=== Excerpted data ===
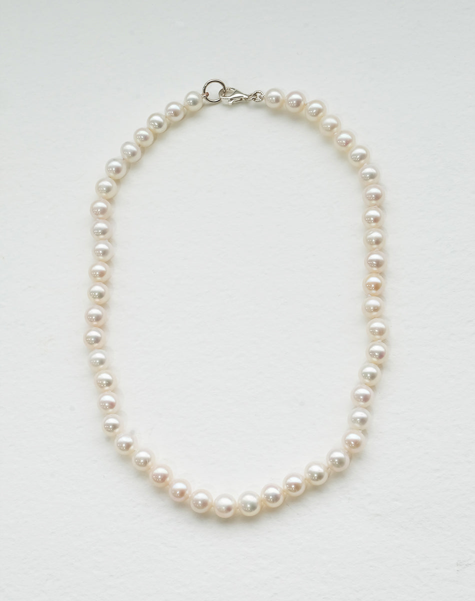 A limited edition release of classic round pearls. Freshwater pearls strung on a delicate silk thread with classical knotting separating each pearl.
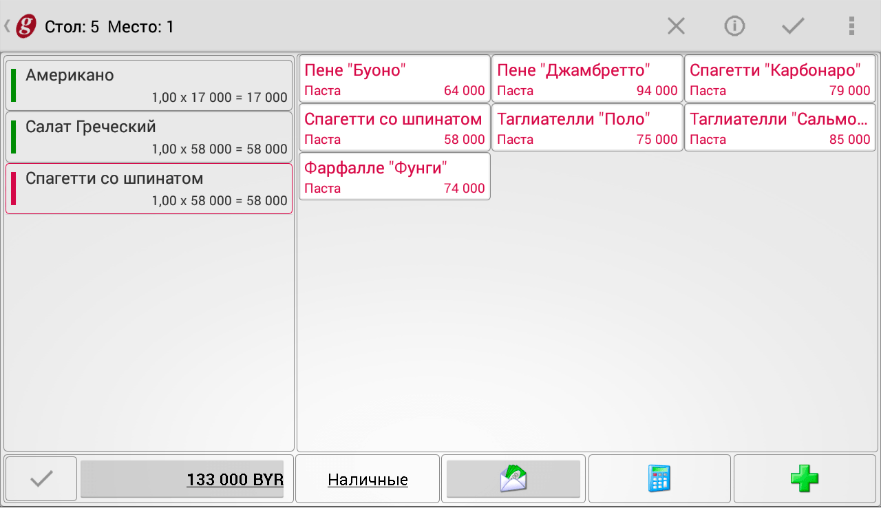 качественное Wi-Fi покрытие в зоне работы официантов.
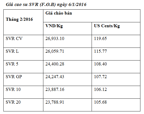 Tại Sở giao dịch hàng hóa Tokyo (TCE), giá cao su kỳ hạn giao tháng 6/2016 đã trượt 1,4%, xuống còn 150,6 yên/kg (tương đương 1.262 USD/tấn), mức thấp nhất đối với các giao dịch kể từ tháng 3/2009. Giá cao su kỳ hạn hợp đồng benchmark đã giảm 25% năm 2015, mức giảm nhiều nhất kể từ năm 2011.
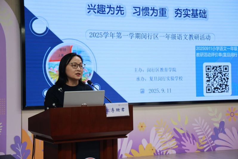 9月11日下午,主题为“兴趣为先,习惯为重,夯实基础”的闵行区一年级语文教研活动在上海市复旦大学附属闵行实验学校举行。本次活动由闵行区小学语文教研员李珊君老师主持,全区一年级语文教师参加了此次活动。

* * *

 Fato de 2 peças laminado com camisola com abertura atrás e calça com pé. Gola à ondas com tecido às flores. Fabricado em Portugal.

* * *

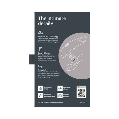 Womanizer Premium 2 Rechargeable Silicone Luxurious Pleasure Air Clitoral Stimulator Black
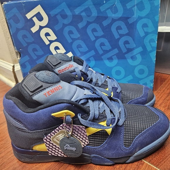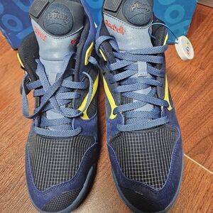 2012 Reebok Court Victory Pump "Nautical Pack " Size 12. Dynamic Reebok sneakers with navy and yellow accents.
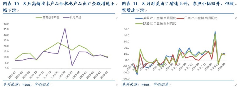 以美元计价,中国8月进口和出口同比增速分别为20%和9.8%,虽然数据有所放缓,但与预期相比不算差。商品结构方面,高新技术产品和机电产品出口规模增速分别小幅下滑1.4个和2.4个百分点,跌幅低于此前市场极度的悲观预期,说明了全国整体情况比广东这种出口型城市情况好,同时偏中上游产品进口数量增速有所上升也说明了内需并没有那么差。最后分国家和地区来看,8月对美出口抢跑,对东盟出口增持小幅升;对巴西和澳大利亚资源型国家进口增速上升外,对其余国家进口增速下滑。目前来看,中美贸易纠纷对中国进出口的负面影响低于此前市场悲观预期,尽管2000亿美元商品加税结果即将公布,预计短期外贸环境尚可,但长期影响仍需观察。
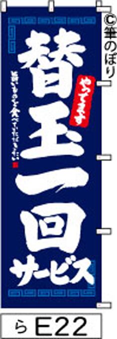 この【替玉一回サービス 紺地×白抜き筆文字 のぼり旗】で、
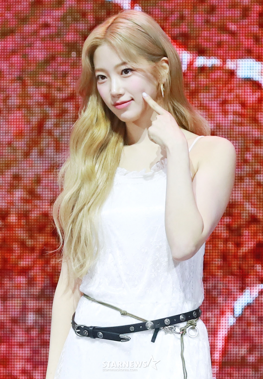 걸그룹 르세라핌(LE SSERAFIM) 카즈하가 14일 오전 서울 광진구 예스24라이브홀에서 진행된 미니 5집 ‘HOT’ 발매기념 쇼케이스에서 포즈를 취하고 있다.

=== Exercise objective ===
Leaving pictures out, output the lines of the data above from the one with "A limited edition" through the one with "Tại Sở giao", word for word.

=== Result for this exercise ===
 A limited edition release of classic round pearls. Freshwater pearls strung on a delicate silk thread with classical knotting separating each pearl.
 качественное Wi-Fi покрытие в зоне работы официантов.
 Tại Sở giao dịch hàng hóa Tokyo (TCE), giá cao su kỳ hạn giao tháng 6/2016 đã trượt 1,4%, xuống còn 150,6 yên/kg (tương đương 1.262 USD/tấn), mức thấp nhất đối với các giao dịch kể từ tháng 3/2009. Giá cao su kỳ hạn hợp đồng benchmark đã giảm 25% năm 2015, mức giảm nhiều nhất kể từ năm 2011.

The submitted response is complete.